== Supplied data ==

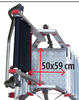
Bezpieczna platforma robocza. Non-slip working platform.
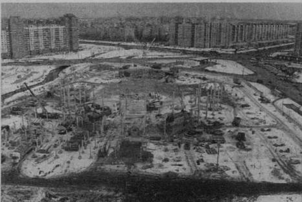
Март 1999 года
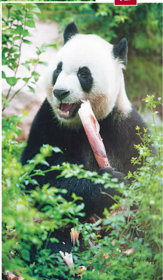
左上图：市民在澳门大熊猫馆看望大熊猫“心心”。 上图：大熊猫“健健”在吃竹笋。
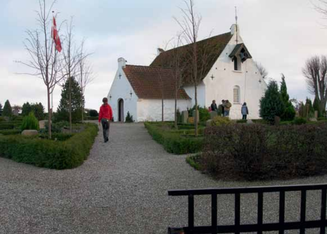
I tidens løb har mange takket klokken på Alrø for deres liv. Når tågen overraskede folk på isen – eller i båd – gelejdede aftenringningen de vildfarne i retning mod land.
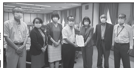
日本共産党名古屋市会議員団と記念撮影

回答：現状維持である（名古屋市当局）しかし、名古屋市当局では以前から一部導入を考えているので注意喚起が必要である。
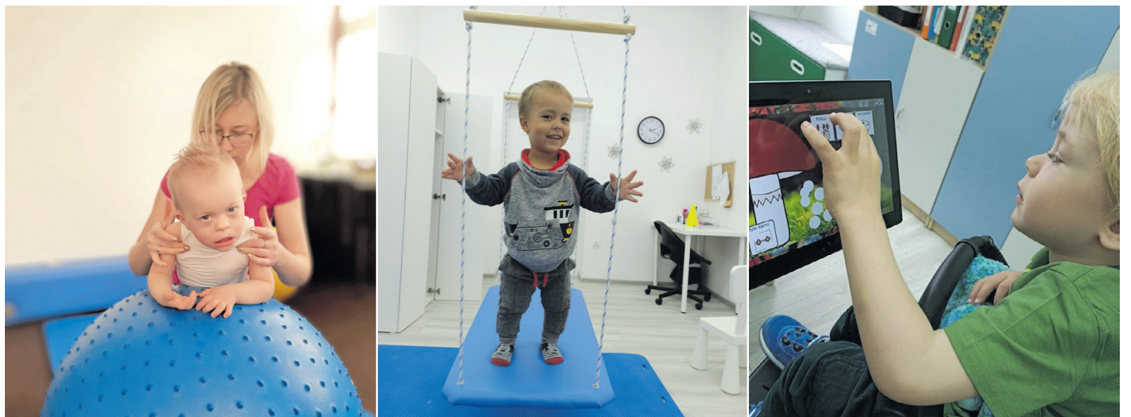
Podopieczni placówki, podczas codziennych zajęć rehabilitacji ruchowej oraz terapii pedagogicznej.

W Przedszkolu Specjalnym w Ludwinie, każde dziecko znajduje opiekę i edukację w mniejszych liczebnie grupach (4 – 5 osobowych). Dziećmi zajmuje się zaangażowana i wysoko wykwalifikowana kadra, oferująca codzienną, indywidualną rehabilitację ruchową, codzienną terapię pedagogiczną i neurologopedyczną oraz zajęcia grupowe. Zespół specjalistów wykorzystuje różne metody, aby w pełni oddziaływać na dzieci, zapewniając im maksymalną możliwość rozwoju. Należy tutaj wymienić: Metodę Dobrego Startu, Program Aktywności I Komunikacji Knillów, Bajkoterapię, Pedagogikę M. Montessori, Arteterapię, Integrację sensoryczną, Metodę Ruchu Rozwijającego Weroniki Sherborne, elementy Metody Peto, AAC, Muzykoterapię, Poranny Krąg,
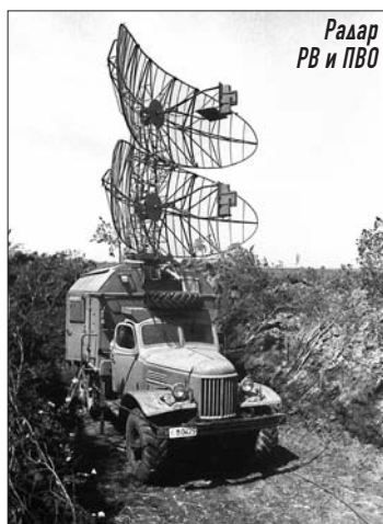
Радар РВ и ПВО
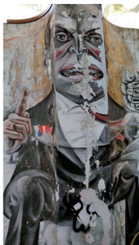
Fig.3-4 E. De Conciliis, El sistema clientelista mafioso... (detalle).
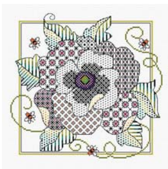
Blackwork au coquelicot
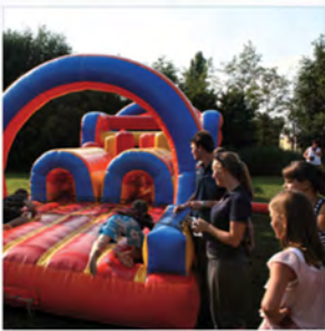
Lustrumreünie 2010 Gallamadammen
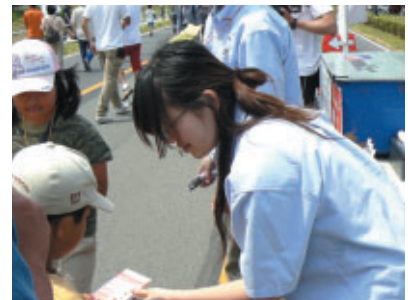
各ステーションでスコアカードにチェックを入れます
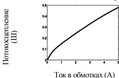
Рисунок 1 – Название рисунка

МАТЕРИАЛ И РЕЗУЛЬТАТЫ ИССЛЕДОВАНИЙ. Рисунки выполняются черно-белыми или в оттенках серого. Оси на графиках должны иметь поясняющее название (рис. 1).
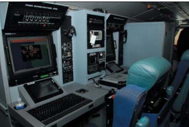
A Mission System Pallet aboard the HC-144A 2
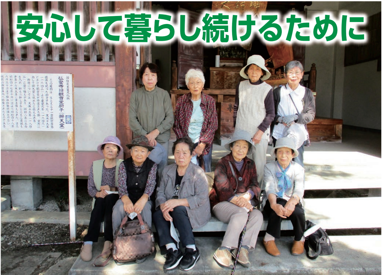
いきいき生活倶楽部（中川遠足）

住み慣れた地域でいつまでも安心して暮らし続けるために、高齢者の方に向けた様々な制度を実施しています。今回は、在宅で暮らしている方が利用できる介護保険制度と、新たに開始した金山町独自の支援事業をご紹介します。
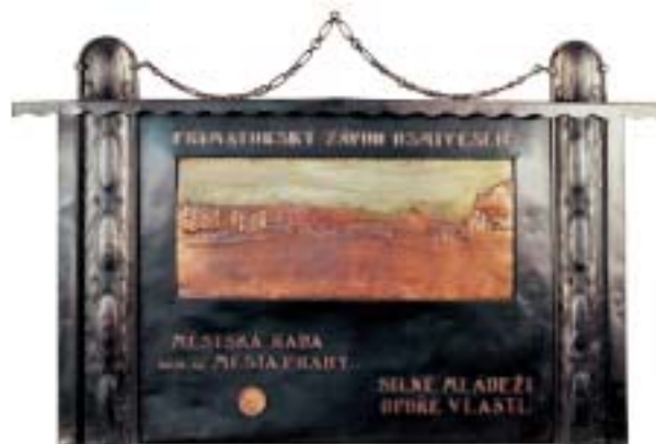
Primátorský štít s nápisem „Silné mládeži – opoře vlasti“ vytepal z mědi ciselér R. Schorcht podle návrhu arch. F. Kavalíra

Tradiční a populární zatáčka však nevydržela po celou dobu existence Primátorek. Již na počátku druhé světové války nastala odchylka. Start byl posunut k severnímu cípu dnešního Veslařského ostrova a cíl byl mezi mosty Palackého a Jiráskovým na úrovni loděnice VK Slavia – tzv. „dolní“ dráze. Primátorky sice přišly o svou zatáčku, zůstaly však přístupné obecnstvu. Horší následky mělo přesunutí závodu na „horní“ neboli „mistrovskou“ dráhu s cílem na Stadionu vodních sportů. Tam se jelo poprvé v roce 1959. Návrat na tradiční trať se uskutečnil v roce 1967, ovšem mezitím větší vzdálenost nové trati od centra města znamenala ztrátu publika, které se po osmi letech, i vzhledem ke změně životního stylu (volné soboty, chaty a chalupy), již nikdy na pražská nábřeží nevrátilo v původním počtu.
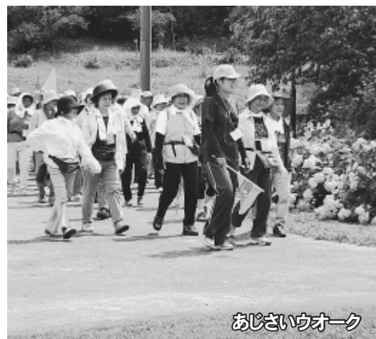
あじさいウォーク
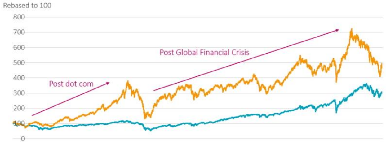
Graphique 1 : Comparaison de l'évolution du cours des actions entre l'indice MSCI Asia Ex Japan et le S&P 500

Source : Source : MSCI, Bloomberg. Période couverte par les données : décembre 2000 à décembre 2022.

== Task prompt ==
Reproduce the listing verbatim, and keep the pictures out of the copy.

== Completed exercise ==
Bezpieczna platforma robocza. Non-slip working platform.
Март 1999 года
左上图：市民在澳门大熊猫馆看望大熊猫“心心”。 上图：大熊猫“健健”在吃竹笋。
I tidens løb har mange takket klokken på Alrø for deres liv. Når tågen overraskede folk på isen – eller i båd – gelejdede aftenringningen de vildfarne i retning mod land.
日本共産党名古屋市会議員団と記念撮影

回答：現状維持である（名古屋市当局）しかし、名古屋市当局では以前から一部導入を考えているので注意喚起が必要である。
Podopieczni placówki, podczas codziennych zajęć rehabilitacji ruchowej oraz terapii pedagogicznej.

W Przedszkolu Specjalnym w Ludwinie, każde dziecko znajduje opiekę i edukację w mniejszych liczebnie grupach (4 – 5 osobowych). Dziećmi zajmuje się zaangażowana i wysoko wykwalifikowana kadra, oferująca codzienną, indywidualną rehabilitację ruchową, codzienną terapię pedagogiczną i neurologopedyczną oraz zajęcia grupowe. Zespół specjalistów wykorzystuje różne metody, aby w pełni oddziaływać na dzieci, zapewniając im maksymalną możliwość rozwoju. Należy tutaj wymienić: Metodę Dobrego Startu, Program Aktywności I Komunikacji Knillów, Bajkoterapię, Pedagogikę M. Montessori, Arteterapię, Integrację sensoryczną, Metodę Ruchu Rozwijającego Weroniki Sherborne, elementy Metody Peto, AAC, Muzykoterapię, Poranny Krąg,
Радар РВ и ПВО
Fig.3-4 E. De Conciliis, El sistema clientelista mafioso... (detalle).
Blackwork au coquelicot
Lustrumreünie 2010 Gallamadammen
各ステーションでスコアカードにチェックを入れます
Рисунок 1 – Название рисунка

МАТЕРИАЛ И РЕЗУЛЬТАТЫ ИССЛЕДОВАНИЙ. Рисунки выполняются черно-белыми или в оттенках серого. Оси на графиках должны иметь поясняющее название (рис. 1).
A Mission System Pallet aboard the HC-144A 2
いきいき生活倶楽部（中川遠足）

住み慣れた地域でいつまでも安心して暮らし続けるために、高齢者の方に向けた様々な制度を実施しています。今回は、在宅で暮らしている方が利用できる介護保険制度と、新たに開始した金山町独自の支援事業をご紹介します。
Primátorský štít s nápisem „Silné mládeži – opoře vlasti“ vytepal z mědi ciselér R. Schorcht podle návrhu arch. F. Kavalíra

Tradiční a populární zatáčka však nevydržela po celou dobu existence Primátorek. Již na počátku druhé světové války nastala odchylka. Start byl posunut k severnímu cípu dnešního Veslařského ostrova a cíl byl mezi mosty Palackého a Jiráskovým na úrovni loděnice VK Slavia – tzv. „dolní“ dráze. Primátorky sice přišly o svou zatáčku, zůstaly však přístupné obecnstvu. Horší následky mělo přesunutí závodu na „horní“ neboli „mistrovskou“ dráhu s cílem na Stadionu vodních sportů. Tam se jelo poprvé v roce 1959. Návrat na tradiční trať se uskutečnil v roce 1967, ovšem mezitím větší vzdálenost nové trati od centra města znamenala ztrátu publika, které se po osmi letech, i vzhledem ke změně životního stylu (volné soboty, chaty a chalupy), již nikdy na pražská nábřeží nevrátilo v původním počtu.
あじさいウォーク
Graphique 1 : Comparaison de l'évolution du cours des actions entre l'indice MSCI Asia Ex Japan et le S&P 500

Source : Source : MSCI, Bloomberg. Période couverte par les données : décembre 2000 à décembre 2022.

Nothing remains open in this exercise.